I would hazard a guess that someone with Ni & Te in the top half of their functional stack would express themselves in a more streamlined fashion. And would be more exact with an amount (if this applies), whereas I as a Ti & Ne person would prefer to state things in a round about sort of way, or in approximates.


----------



## braided pain (Jul 6, 2012)

When they're brief, it's hard to tell. When they get wordy, though...

Ti-Ne tends to be highly structured, with one point flowing right into another. Shorter sentences, but more of them. It *plods*, for lack of a better (nicer) term. It focuses the definitions of a thing, rather than the thing itself. Often comes across as nitpicky.

Ni-Te tend to flow, with more pauses and parentheticals; uses more compound sentences and sentence fragments. Circles around, trying to get at the essence of a thing with objective facts. More easily broken down into bullet points. Either includes way too much backstory or leaves out important parts, thinking them obvious.


----------



## Tainted Streetlight (Jun 13, 2011)

braided pain said:


> Ti-Ne tends to be highly structured, with one point flowing right into another. Shorter sentences, but more of them. It *plods*, for lack of a better (nicer) term. It focuses the definitions of a thing, rather than the thing itself. Often comes across as nitpicky.


Would Thoreau be INTP then? This is sort of how Walden came across.


----------



## nevermore (Oct 1, 2010)

braided pain said:


> When they're brief, it's hard to tell. When they get wordy, though...
> 
> Ti-Ne tends to be highly structured, with one point flowing right into another. Shorter sentences, but more of them. It *plods*, for lack of a better (nicer) term. It focuses the definitions of a thing, rather than the thing itself. Often comes across as nitpicky.
> 
> Ni-Te tend to flow, with more pauses and parentheticals; uses more compound sentences and sentence fragments. Circles around, trying to get at the essence of a thing with objective facts. More easily broken down into bullet points. Either includes way too much backstory or leaves out important parts, thinking them obvious.


Really? Both sound Ti-Ne to me, for better and for worse. (As an INTP, I'm also a big fan of parentheticals... :wink

I have to admit I like to ramble when I write nonfiction.

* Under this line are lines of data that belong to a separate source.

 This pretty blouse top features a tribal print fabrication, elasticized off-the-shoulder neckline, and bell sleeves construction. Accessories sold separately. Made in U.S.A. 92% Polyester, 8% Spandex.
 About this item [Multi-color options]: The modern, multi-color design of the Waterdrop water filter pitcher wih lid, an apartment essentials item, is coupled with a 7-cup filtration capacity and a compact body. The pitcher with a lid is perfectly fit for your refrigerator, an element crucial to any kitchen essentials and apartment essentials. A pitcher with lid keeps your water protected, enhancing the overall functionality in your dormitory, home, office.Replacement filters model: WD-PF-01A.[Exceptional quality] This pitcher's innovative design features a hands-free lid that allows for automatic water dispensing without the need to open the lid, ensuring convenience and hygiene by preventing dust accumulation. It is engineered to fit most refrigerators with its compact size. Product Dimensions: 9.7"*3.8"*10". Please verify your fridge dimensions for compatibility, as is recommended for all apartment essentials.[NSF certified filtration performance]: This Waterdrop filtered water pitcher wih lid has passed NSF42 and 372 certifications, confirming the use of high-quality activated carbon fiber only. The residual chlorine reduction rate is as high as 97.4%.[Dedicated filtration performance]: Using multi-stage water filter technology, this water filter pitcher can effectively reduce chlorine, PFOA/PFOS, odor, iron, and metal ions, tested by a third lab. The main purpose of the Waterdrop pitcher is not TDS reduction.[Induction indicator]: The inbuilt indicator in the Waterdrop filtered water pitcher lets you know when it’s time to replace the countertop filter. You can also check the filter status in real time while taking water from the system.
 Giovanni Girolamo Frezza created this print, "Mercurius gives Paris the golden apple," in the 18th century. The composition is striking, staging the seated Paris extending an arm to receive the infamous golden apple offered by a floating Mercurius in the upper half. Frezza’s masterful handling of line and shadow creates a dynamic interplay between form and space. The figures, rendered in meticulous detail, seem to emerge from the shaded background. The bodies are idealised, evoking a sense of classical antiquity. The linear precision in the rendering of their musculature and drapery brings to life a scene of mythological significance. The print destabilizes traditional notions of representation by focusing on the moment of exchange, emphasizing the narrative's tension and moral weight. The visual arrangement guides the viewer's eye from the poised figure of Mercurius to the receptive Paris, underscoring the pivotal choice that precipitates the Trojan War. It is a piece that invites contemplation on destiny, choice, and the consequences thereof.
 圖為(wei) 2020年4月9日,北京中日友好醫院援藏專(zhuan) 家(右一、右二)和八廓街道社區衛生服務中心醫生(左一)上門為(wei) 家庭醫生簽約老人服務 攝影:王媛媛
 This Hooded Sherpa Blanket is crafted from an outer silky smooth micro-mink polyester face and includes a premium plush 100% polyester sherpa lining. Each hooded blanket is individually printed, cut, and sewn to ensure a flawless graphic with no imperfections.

Strong Ti users tend to worry other people won't get the "finer points" we tend to find so fascinating, but usually they either do (and just don't find it as fascinating as we do), or don't (and don't care).

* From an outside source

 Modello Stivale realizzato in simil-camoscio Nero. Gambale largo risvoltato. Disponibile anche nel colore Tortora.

I don't think we're highly structured when we write though...I think we _can_ be, but it takes practice. It took boot camp with a J mentor to get me to write well in a structured format. Maybe a well-developed INTP would look like this...though you would think a well developed INTP would also realize when enough is enough...


----------



## braided pain (Jul 6, 2012)

Tainted Streetlight said:


> Would Thoreau be INTP then? This is sort of how Walden came across.


Been a while since I read him, but a quick look says highly probable imo. 



nevermore said:


> Really? Both sound Ti-Ne to me, for better and for worse. (As an INTP, I'm also a big fan of parentheticals... :wink
> 
> I have to admit I like to ramble when I write nonfiction. Strong Ti users tend to worry other people won't get the "finer points" we tend to find so fascinating, but usually they either do (and just don't find it as fascinating as we do), or don't (and don't care).
> 
> I don't think we're highly structured when we write though...I think we _can_ be, but it takes practice. It took boot camp with a J mentor to get me to write well in a structured format. Maybe a well-developed INTP would look like this...though you would think a well developed INTP would also realize when enough is enough...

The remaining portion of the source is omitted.